Many thanks for the feedback! To be more explicit, besides the issue of anchoring the endpoints, changing the code line number 178 in mvdistributions.R (affecting the data points generated from the zero inflated negative binomial distribution) from:

data <- matrix(VGAM::qzinegbin(unif, munb=munbs, size=ks, pstr0=ps, ...), n, d) into data <- t(matrix(VGAM::qzinegbin(t(unif), munb=munbs, size=ks, pstr0=ps, ...), d, n))

significantly improves the AUPR plots (see below), especially for the scale-free topology (but still not matching the values of the plos paper figure 4 for the latter). What do you think?

aupr_plots

Thanks again for your valuable work! Vincent

ps: another striking observation related to the aupr for the scale-free topology, the effect of the condition number (kappa) in the above plot runs in the opposite direction than in the Plos Fig4 (i.e. kappa 100 results are better).

IsabellaMendler commented 4 years ago

Hi,

is there any news regarding this issue?

@vincentprost I think your suggestion to change the code in mvdistributions.R is correct. The heatmap for the synthetic data looks like this, if I do not use your fix: Rplot04.pdf, which is very different from the heatmaps shown in Fig. S2 of the paper. After using your fix, it looks like this: Rplot05.pdf, which makes much more sense.

Could you please explain, how the code needs to be changed in order to compute the AUPR values across the full [0,1] domain? I have some trouble doing this, since getOptMerge(se) does not provide a value for each possible edge in the network.

Thanks for any help on that matter.

Best regards, Isabella

zdk123 commented 4 years ago

Apologies for the delay. I have a branch pr with a fix, but have fallen very behind on keeping various patches up-to-date with main.

IsabellaMendler commented 4 years ago

Thanks for the fast reply! The generation of the correlated variables and the calculation of the AUPR works now fine.

However, I am also interested in the area under the ROC curve (AUC) and I've noticed that if I use the stars.roc function to determine the AUC, I only obtain very small values. If I use the example from the README.md page and call stars.roc(getOptMerge(se), graph, verbose=TRUE, plot=TRUE), I get the following result: Rplot07

Computing F1 scores, false positive rates and true positive rates....done. True Postive Rate: from 0 to 0.9527559 False Positive Rate: from 0 to 0.08686817 Area under Curve: 0.07907616 Maximum F1 Score: 0.947914

I suppose that the problem is again that the AUC is not computed over the full [0,1] domain...

Do you have any idea how this problem could be fixed?

I can of course use the ROC over lambda path (like in the example), but then edge predictions are not ranked according to edge stability, which I would like to avoid.
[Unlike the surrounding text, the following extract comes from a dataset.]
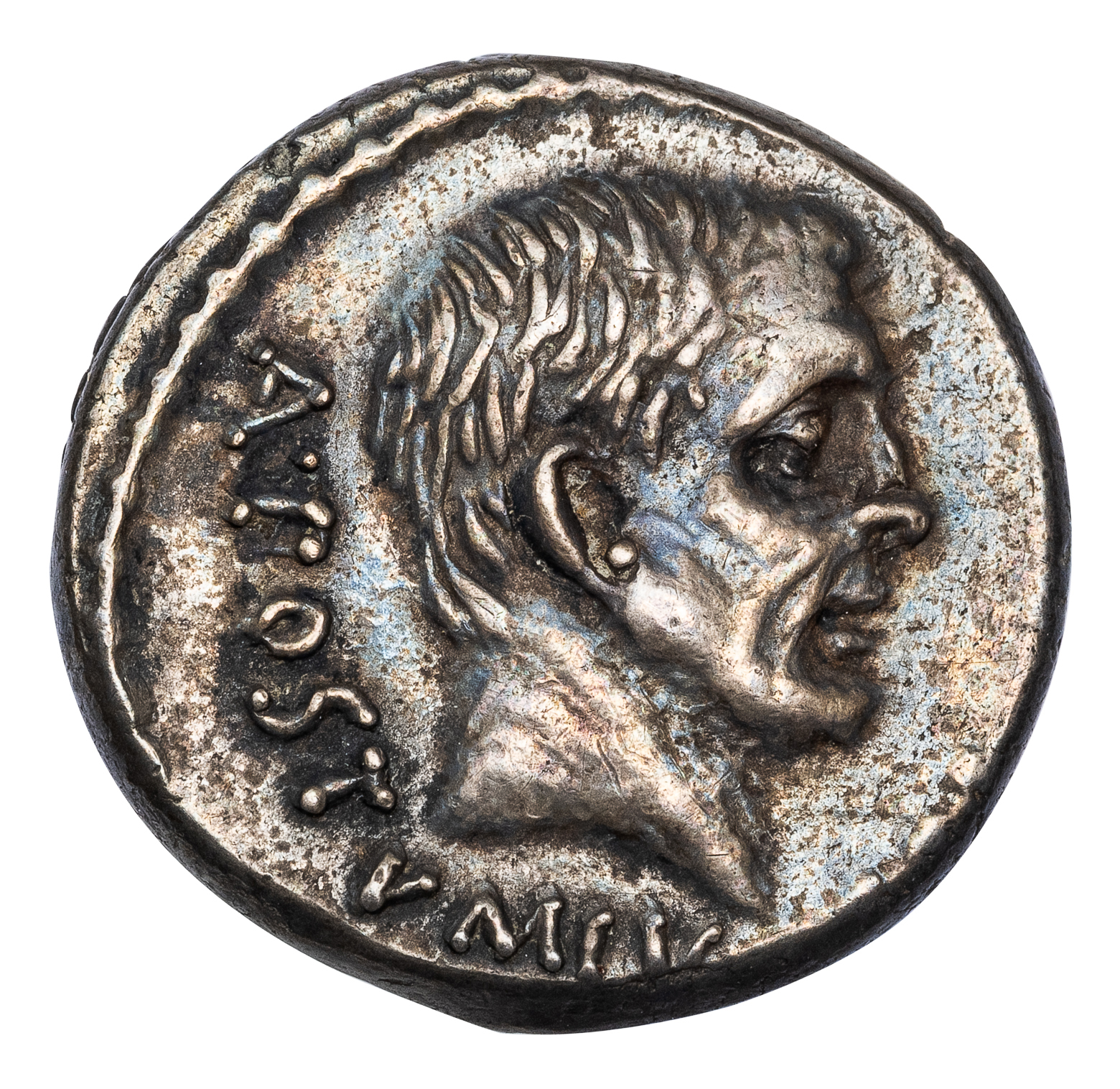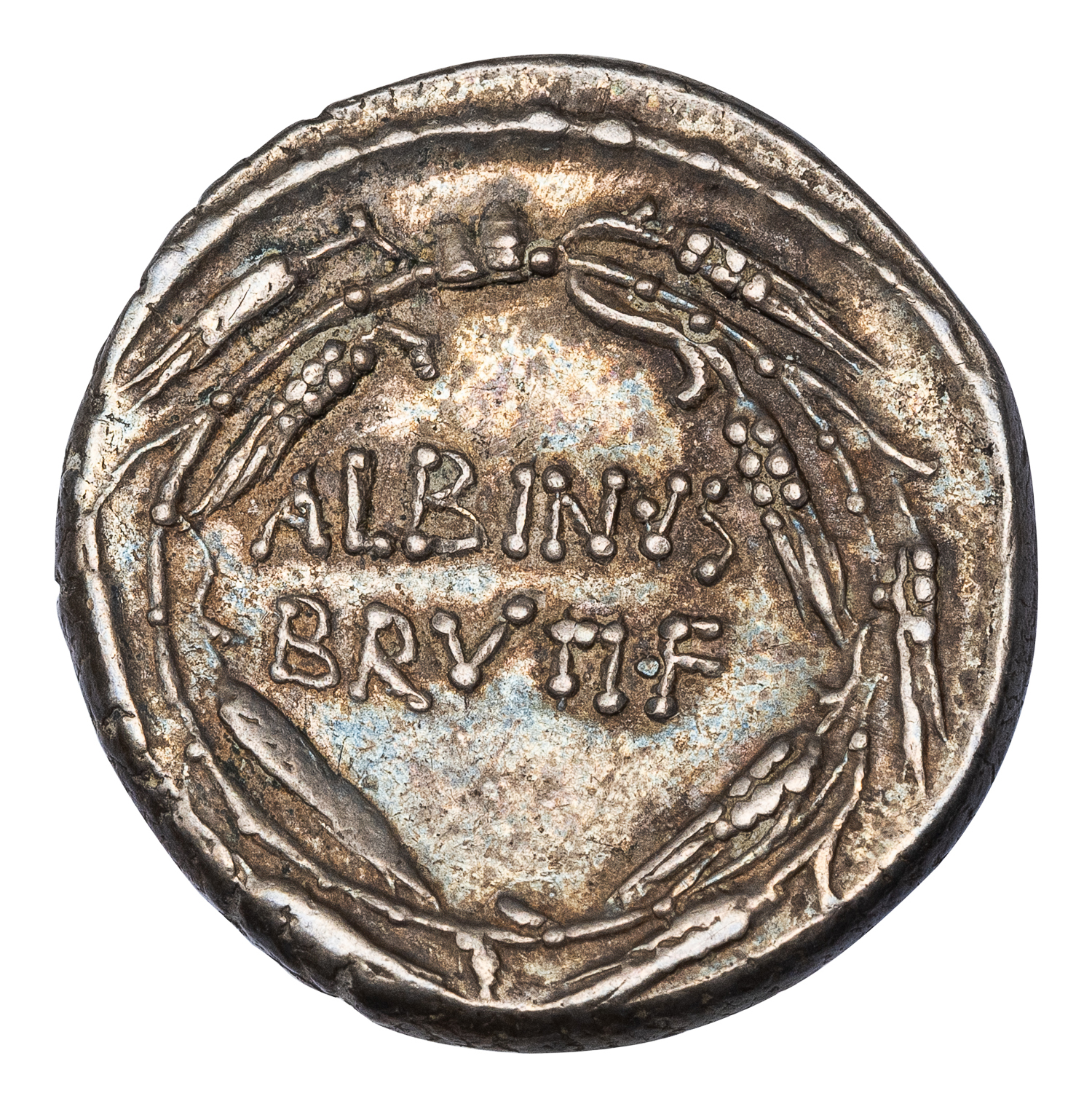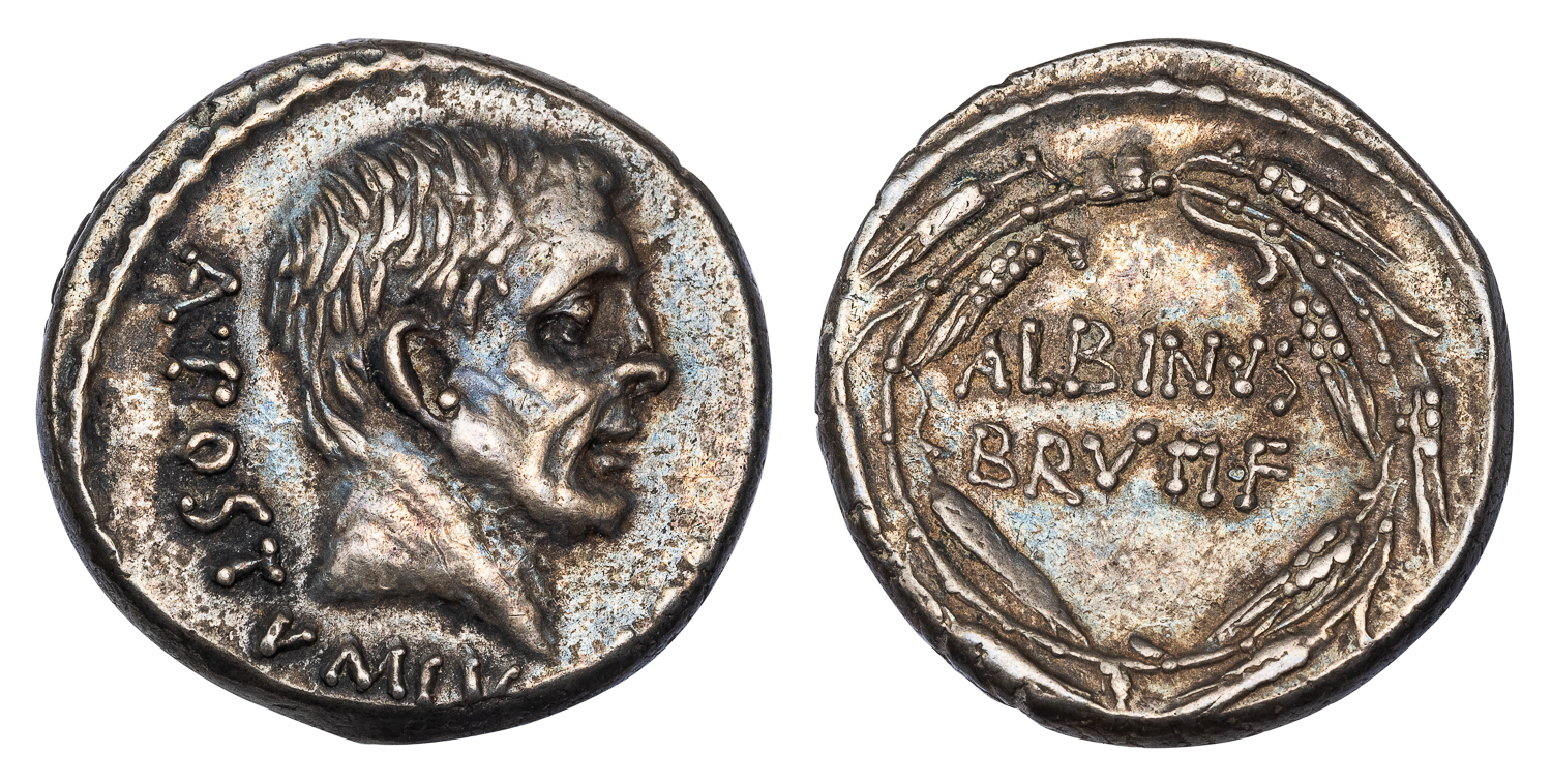 Obv. A POSTVMIVS [COS], bare head of consul Aulus Postumius Albinus right. Rev. ALBINVS/BRVTIF in two lines within wreath of grain.

Thanks again and best wishes, Isabella

vincentprost commented 4 years ago

Nice to have fixed the AUPR calculation issue! Besides that problem, do you have any hint on what could account for the remaining AUPR differences between those computed for the scale-free topology (using amgut1 data and the zero inflated negative binomial) and those from the Figure 4 of the PLoS article (and also the different trends with respect to kappa values, as mentioned previously)?

Thanks! Vincent

suntzuisafterU commented 4 years ago

Hi,

First thanks for writing this library. It has been very useful and the synthetic data generation technique in particular has been helpful.

I also recently noticed the problem with synthetic data generation. I implemented an alternative solution before finding this thread. I am posting the alternative solution here because it easier to read.

data <- matrix(VGAM::qzinegbin(t(unif), munb=munbs, size=ks, pstr0=ps, ...), n, d, byrow=TRUE)

I am opening a pr, apologies I have only implemented the test and fix for the ZINB distribution.

Regardless of which implementation you choose, please publish the fix soon.